На границе стихий. Проза - страница 18

Шрифт
Интервал


Уже под конец получилась накладка: Мишка шлёпнул пулей выбежавшую через пустырь прямо на них чернявую шавку, и Санька, подойдя, чтобы тащить её на бетонку, вдруг плаксивым голосом сказал:

– Миш, а ведь это Мушка… отвязалась, видать, собачка моя… я ей… котлетку вот…

Мишка, охваченный азартом, не врубился и ляпнул:

– Ну и что?

– Мушка это! Понял?! Она у меня… ласковая такая… служить умеет, слова человеческие понимает… ждала ведь меня…

Он опустился на колени, склонился над ней, ощупывая безжизненное тельце дрожащими руками в запёкшейся крови. Вынул газетный кулёк, развернул, начал тыкать раздавленной котлетой в окровавленный собачий нос.

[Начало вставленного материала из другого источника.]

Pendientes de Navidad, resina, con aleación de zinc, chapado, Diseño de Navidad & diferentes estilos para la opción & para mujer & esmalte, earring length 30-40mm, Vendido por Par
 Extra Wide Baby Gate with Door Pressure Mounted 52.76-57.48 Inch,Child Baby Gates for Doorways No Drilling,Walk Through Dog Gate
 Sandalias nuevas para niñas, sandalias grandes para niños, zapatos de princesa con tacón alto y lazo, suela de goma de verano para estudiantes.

– Ну, ну… – И тихо завыл: – Единственная понима-ала…

– Мушка, Мушка! Вон их сколько замочили, мушек твоих.

– Ах ты, гад… – прошептал Санька. – Да я тебя сейчас… самого…

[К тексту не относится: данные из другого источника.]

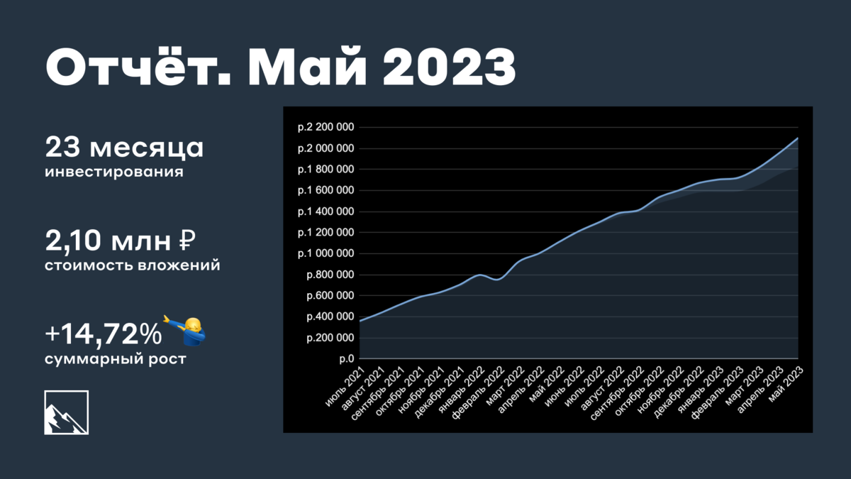 1 июня, значит пора защищать детей и подводить итоги мая! Ежемесячно я пишу отчёт о том, что произошло по финансам и другим моментам. Напоминаю: я начал копить на квартиру в Сочи в июле 2021. 23 месяца позади, портфель перешагнул рубеж в 2 млн. Погнали!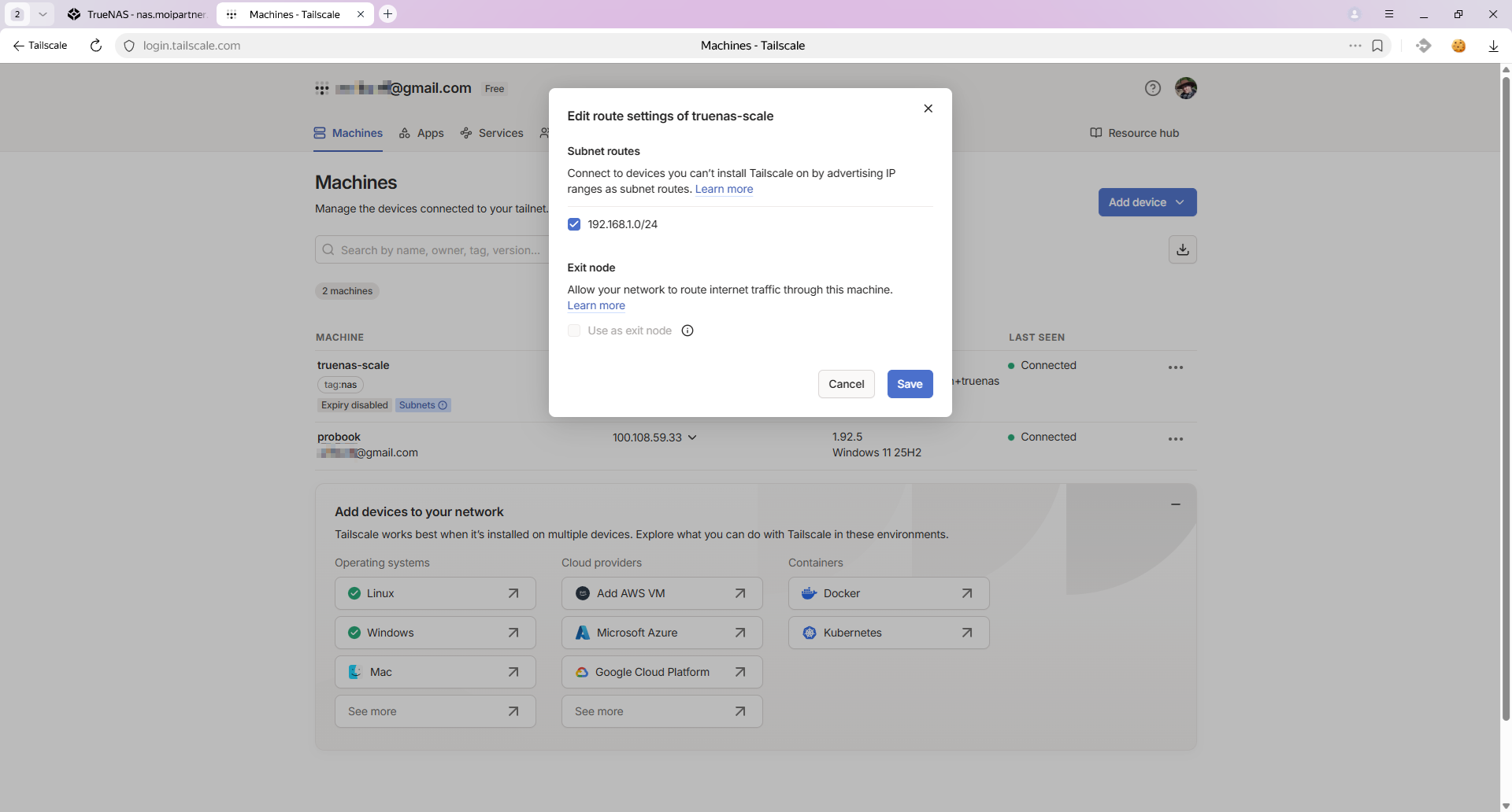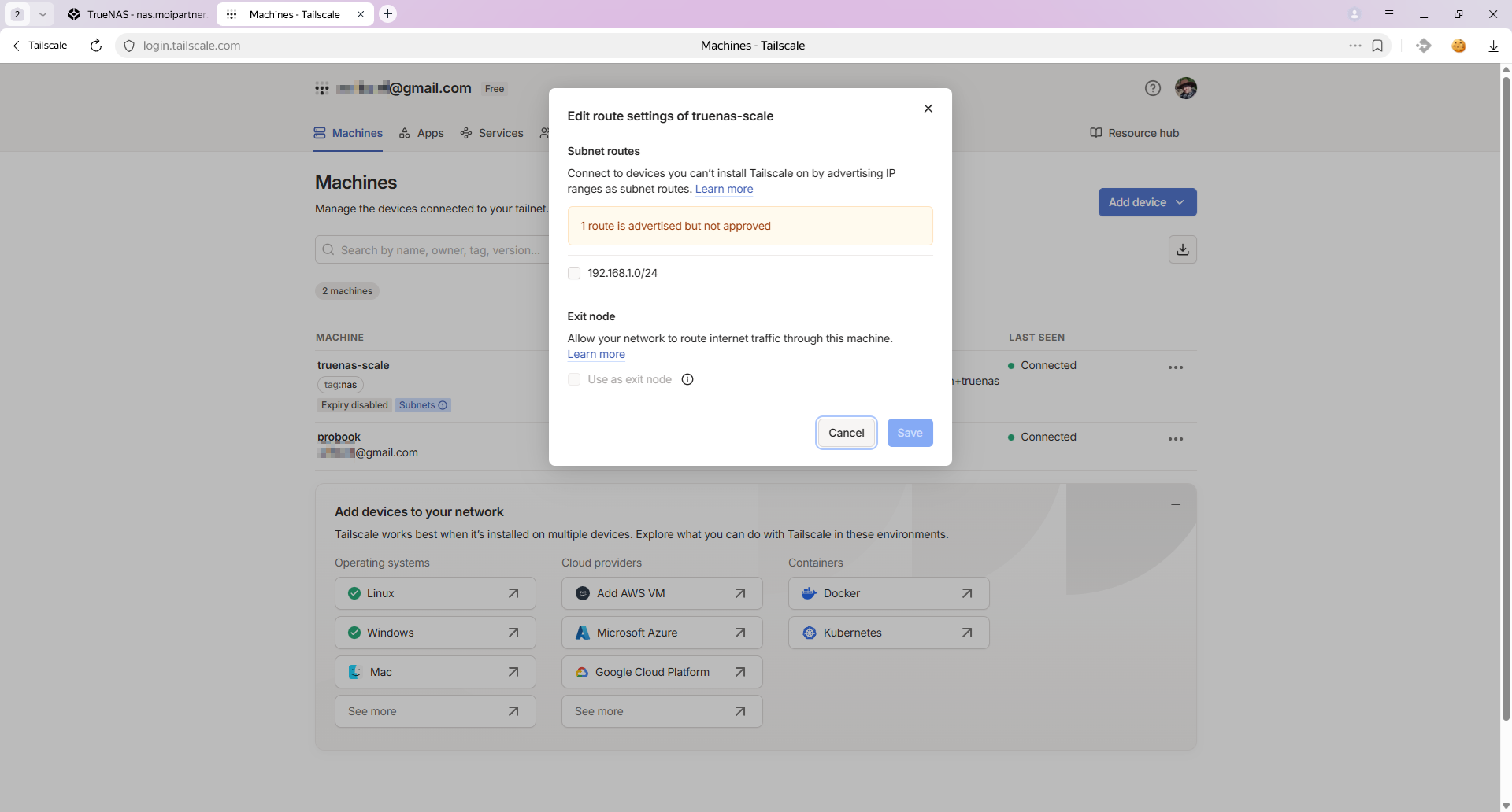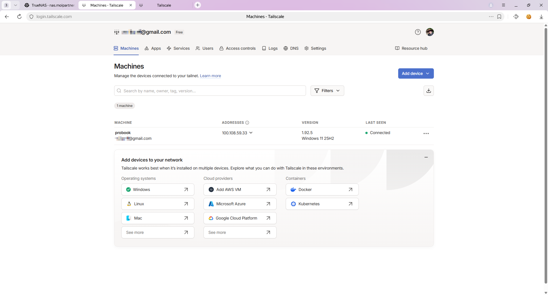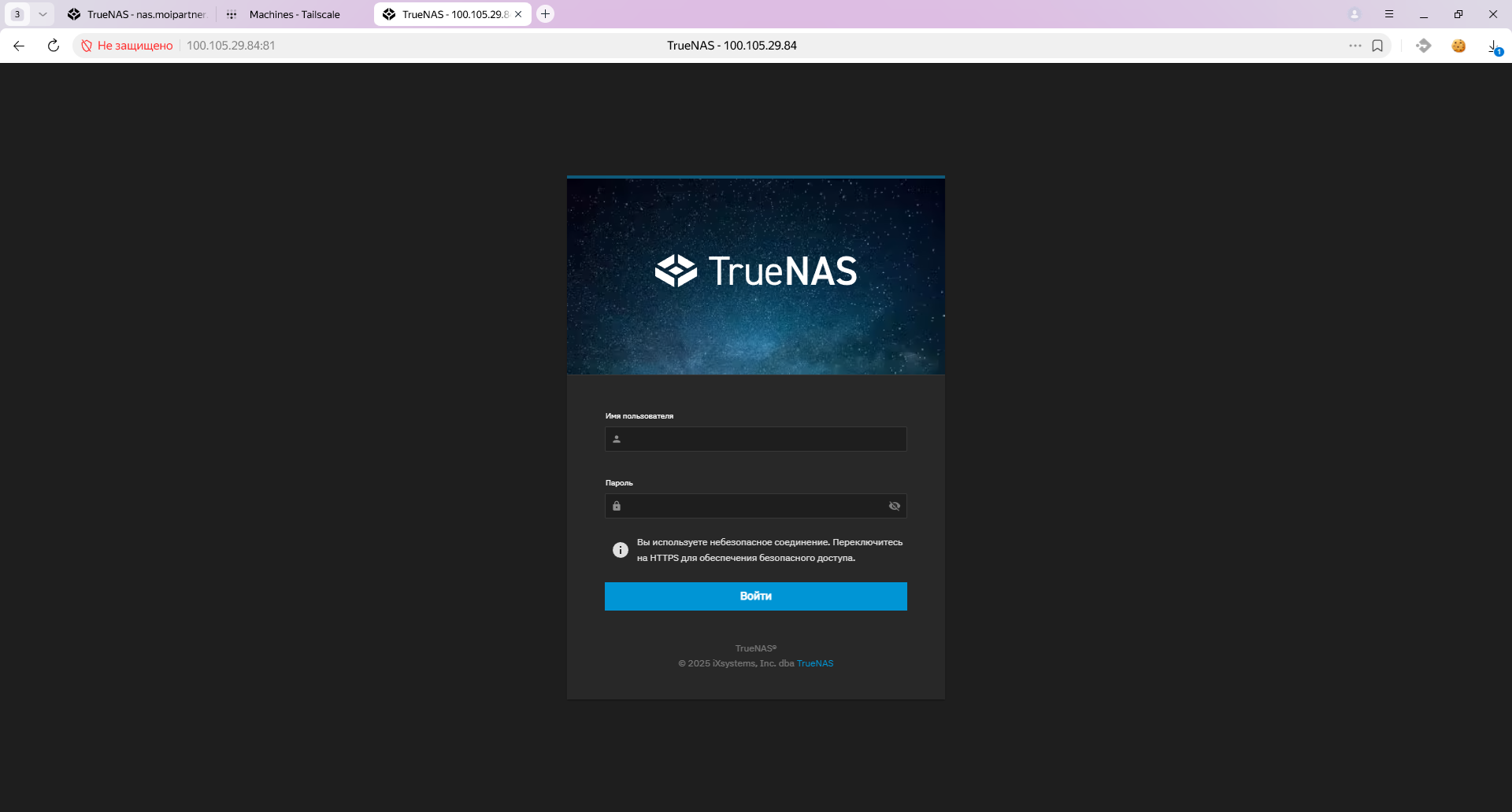 Пробую с ноутбука зайти на интерфейс TrueNAS по выданному Tailscale IP адресу, работает.

– Да бро-о-ось ты! Самого-о-о! – передразнил Мишка. Но, заметив кривой нервный оскал на лице напарника и блестящие бусинки слёз, застрявшие на небритых щеках, понял, что дело принимает нешуточный оборот, и неожиданно для себя повёл стволами:

– А ну…

Санька остолбенел.

– Ты зачем… это…

Мишка поднял ружьё повыше. Санька медленно поднялся и, когда в живот ему упёрлись чёрные прошивающие навылет зрачки, попятился, вяло помахивая рукой:

– Э… Э…

Мишка с каким-то животным интересом смотрел, как сереет потное Санькино лицо, как корчится он, словно жучок, на невидимых продолжениях стволов.

– А ну, пош-шёл отсюда, алкаш, – сквозь зубы проскрипел Мишка и упёр приклад в плечо. – А ну, сопля зелёная…

У Саньки подломились коленки, он снова попятился, повернулся и, нелепо подпрыгивая, побежал в сторону бетонки. На ходу он оглядывался, и Мишкин опытный уже глаз уловил в его фигуре что-то знакомое. Да, узнал Фирсов ту самую, первую, рыжую собаку. Как бежала она от них и как потом завалилась…

Снова кто-то скомандовал ему – «бей!», и он дёрнул спусковой крючок. Боёк только щелкнул, – выстрела не было. Мишка опустил ружьё, мутным, налитым кровью взглядом оглядел освещённый уже утренним солнцем пустырь, серую бетонку, по которой бежала от него, раскачиваясь, длинная чёрная Санькина тень.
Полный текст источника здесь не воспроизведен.